270  

– Один?

– Нет, уже Христос. Те германцы уже приняли веру Христа.

Владимир нахмурился. Веру Христа не любил и презирал. Но чем-то она сильна, если столько народов уже ее приняли.

– Может быть, – сказал он осторожно, – что у нас богов много, но Христос один? Или что-то странное в трех лицах?

Сувор принес две чашки горячей кавы, медовые соты на широком блюде. Борис неспешно отхлебнул, прислушался, кивнул удовлетворенно:

– Хорошо заваривает… Это тоже надо уметь. Княже, наша старая как раз и была в единого бога Трояна. В дальних землях до сей поры только ему требы справляют, жертвы приносят. Троян – это трое в одном. Солнце – это Ян, а три Яна – три Солнца, от взора которых ничто не укроется: ни в прошлом, ни в настоящем, ни в будущем… Бог Солнца тройной, триединый, словно три бога в одном, но это не три бога, а трое в одном: отец, сын и светлая душа!

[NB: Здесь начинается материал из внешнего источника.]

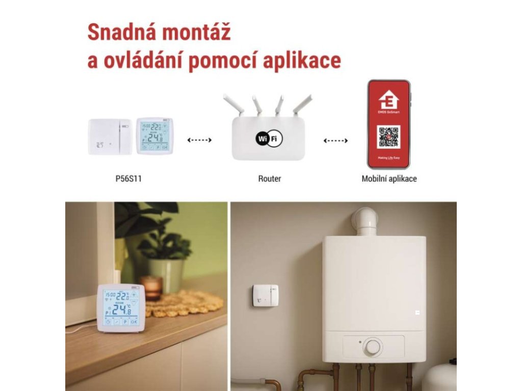 Pokojový programovatelný bezdrátový WiFi GoSmart termostat P56S11

– Не понял, – признался Владимир. Он ощутил, как от напряжения заныли виски. – У бога Триглава тоже три головы, и он тоже бог солнца. Головы его означают три царства: небо, земля, подземный мир… Так?

– Наши западные братья… как и все полабы, дают такое толкование нашему солнечному богу. Но мы знаем древнюю мудрость, а она гласит: в словах «Троян» – это бог всех восточных славян, «Триглав» – это полабский, «Тримурти» – бог индусов, куда его занесли наши предки во время великого похода в Индию, – во всех этих словах главное – три. Три, ибо солнечная сила бога во всех трех временах года: весне, лете, зиме!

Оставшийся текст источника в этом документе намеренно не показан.